Many would by now point to the prohibition period in America and how it utterly failed by driving the habit underground. As God is aware of human nature. Islam acknowledges how entrenched such habits can be in people and that they cannot be changed overnight. The gradual prohibition of alcohol has to go hand in hand with an educational campaign to build a moral awareness and spiritual identity in society.
When Islam was first established over fourteen centuries ago in Arabia, continuing the Judeo-Christian tradition of Prophets from Abraham over Moses, Jesus to Muhammad - Peace be upon them all -, the harm that alcohol caused was well recognised but it was not immediately eradicated. In a first revelation the Qur'an, the Holy Book of Muslims, acknowledged the benefits of alcohol (for example its medical applications), but pointed out that its harm out weighed those benefits by far. Next, it forbade believers from praying whilst under the influence of alcohol, thus making it clear that spirituality and drunkenness don't mix.
Finally, some time later, it was altogether prohibited as the handiwork of the devil. By then the early Muslims who had lived through the spiritual and moral teachings of the Prophet Muhammad - peace be upon him - had realised the harms of the drug as well as the benefits of the Islamic system of values as the foundation of a strong and caring society. God states in the Qur'an:
“O you who believe! Intoxicants (all kinds of alcoholic drinks), gambling, idolatry, and diving arrows are an abomination of Satan’s handiwork. So avoid that so that you may be successful. Shaitân (Satan) wants only to excite enmity and hatred between you with intoxicants (alcoholic drinks) and gambling, and hinder you from the remembrance of Allâh and from As-Salât (the prayer). So, will you not then abstain?" [Surah Al-Ma'idah 5:90-91]

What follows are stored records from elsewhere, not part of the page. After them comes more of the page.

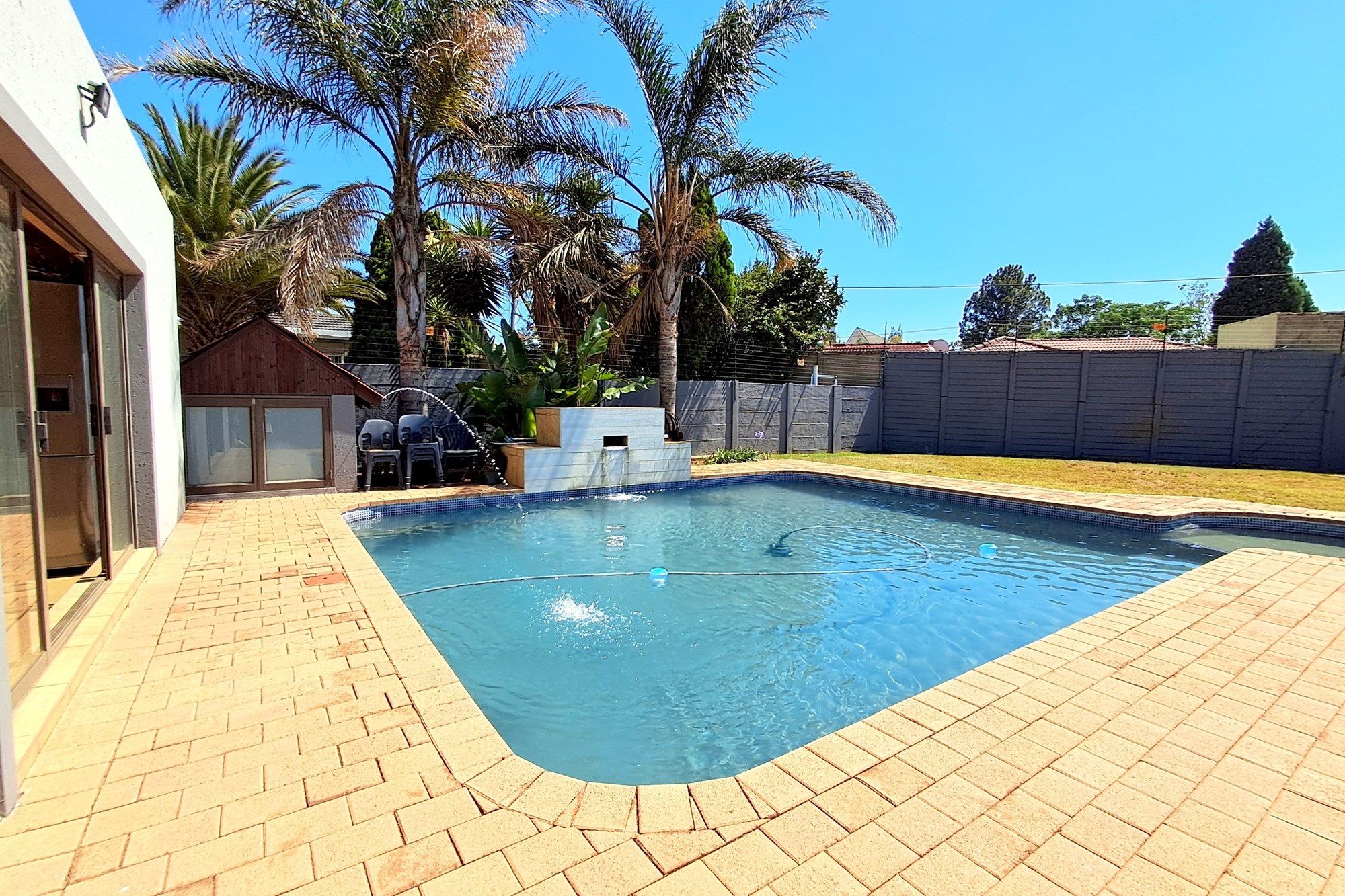 Outside the back door is the most amazing back garden. A paved pathway leads you down. To the left is a large entertainment room and pub, with doors opening out to a view of the swimming pool. Tons of lawn for children to play. On the right is a store room, a bathroom with shower, toilet and basin that is there for the entertainment area or the room currently being used as an office which could easily become a cottage.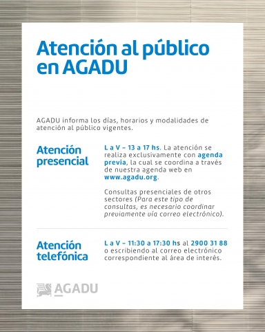 AGADU informa los días, horarios y modalidades de atención al público vigentes.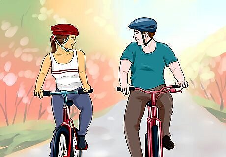 Rent a bike instead of a car. If you end up flying somewhere, ask yourself whether you really need a car. Many big cities are easy to navigate biking. If you, say, spend your honeymoon in Paris, try renting a couple of bikes to tour the city. This is cheaper than renting a car or taking taxis. Make sure you practice basic safety with bikes. Read up on the rules for biking in the street in your destination and always wear a helmet.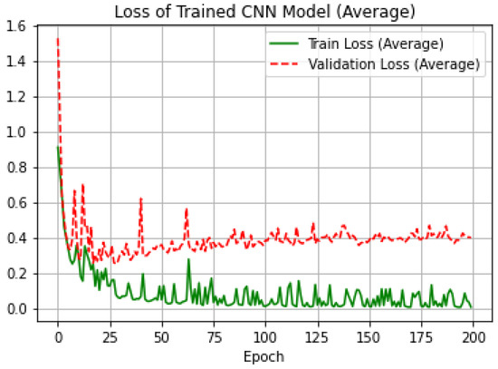 Figure 5 shows a graph of the training and validation accuracy over different training epochs. These values were obtained by averaging the 50 models as mentioned previously. The training and validation loss is shown in Figure 6.

They ask you (O Muhammad) concerning alcoholic drink and gambling. Say: "In them is a great sin, and (some) benefit for men, but the sin of them is greater than their benefit." And they ask you what they ought to spend. Say: "That which is beyond your needs." Thus Allâh makes clear to you His Laws in order that you may give thought. [Surah Al-Baqarah 2:219]

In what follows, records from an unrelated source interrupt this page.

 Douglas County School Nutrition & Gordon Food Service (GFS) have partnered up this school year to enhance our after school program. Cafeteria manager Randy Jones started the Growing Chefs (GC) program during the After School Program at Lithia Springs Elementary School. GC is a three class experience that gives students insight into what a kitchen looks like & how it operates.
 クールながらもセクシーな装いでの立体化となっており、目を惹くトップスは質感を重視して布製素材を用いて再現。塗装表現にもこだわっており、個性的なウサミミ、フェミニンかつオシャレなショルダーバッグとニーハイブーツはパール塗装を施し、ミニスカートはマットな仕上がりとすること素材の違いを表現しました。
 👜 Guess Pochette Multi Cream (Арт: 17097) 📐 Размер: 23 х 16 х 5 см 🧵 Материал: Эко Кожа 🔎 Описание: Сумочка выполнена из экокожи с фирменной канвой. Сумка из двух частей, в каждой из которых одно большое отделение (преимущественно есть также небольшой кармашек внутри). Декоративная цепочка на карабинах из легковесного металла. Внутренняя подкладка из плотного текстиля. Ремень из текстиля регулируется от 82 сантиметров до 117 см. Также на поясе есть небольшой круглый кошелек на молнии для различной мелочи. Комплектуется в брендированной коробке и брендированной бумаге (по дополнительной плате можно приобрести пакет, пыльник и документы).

Upon revelation of these verses prohibiting alcohol, the companions of the Prophet (pbuh) happily and obediently spilled whatever alcoholic beverage was left in their possession, and the streets of Medinah were reported to have been awash with disposed alcohol.
Helping Society
Modern society has come a long way since those days. We pride ourselves of great technical achievements. Yet we have also fallen back into the affliction of drunkenness and the harm it does to so many people, because some would say due to our loss of moral conscience and sense of direction. We forgot that there is more to human civilisation than material advancement. Drained of true humanity, many seek escape and consolation in drink and drugs. However, this situation is not irreversible.
Whilst the approach of the American prohibition, which saw law enforcement agencies colluding with mafia syndicates,failed, Islam shows the way to how a pure and content society can be built which need not be ashamed of its darker side and need not numb its senses in guilt and desperation. Importantly those that make such sacrafices in this temporal fleeting life are given a promise by thier Lord, God says in the Qur'an:
"(Here is) a Parable of the Garden which the righteous are promised: in it are rivers of water incorruptible; rivers of milk of which the taste never changes; rivers of wine, a joy to those who drink; and rivers of honey pure and clear. In it there are for them all kinds of fruits; and Grace from their Lord. (Can those in such Bliss) be compared to such as shall dwell forever in the Fire, and be given, to drink, boiling water, so that it cuts up their bowels (to pieces)?" [Surah Muhammad 15]
"There wait on them immortal youths with bowls and ewers and a cup from a pure spring wherefrom they get no aching of the head nor any madness, and fruit that they prefer." [Surah Al-Waqi`ah: 17-20]
The writer Sahib Mustaqim Bleher was born in Germany into a Protestant Christian family, and took career in journalism and book publishing. He embraced Islam in 1980, and later moved to Britain.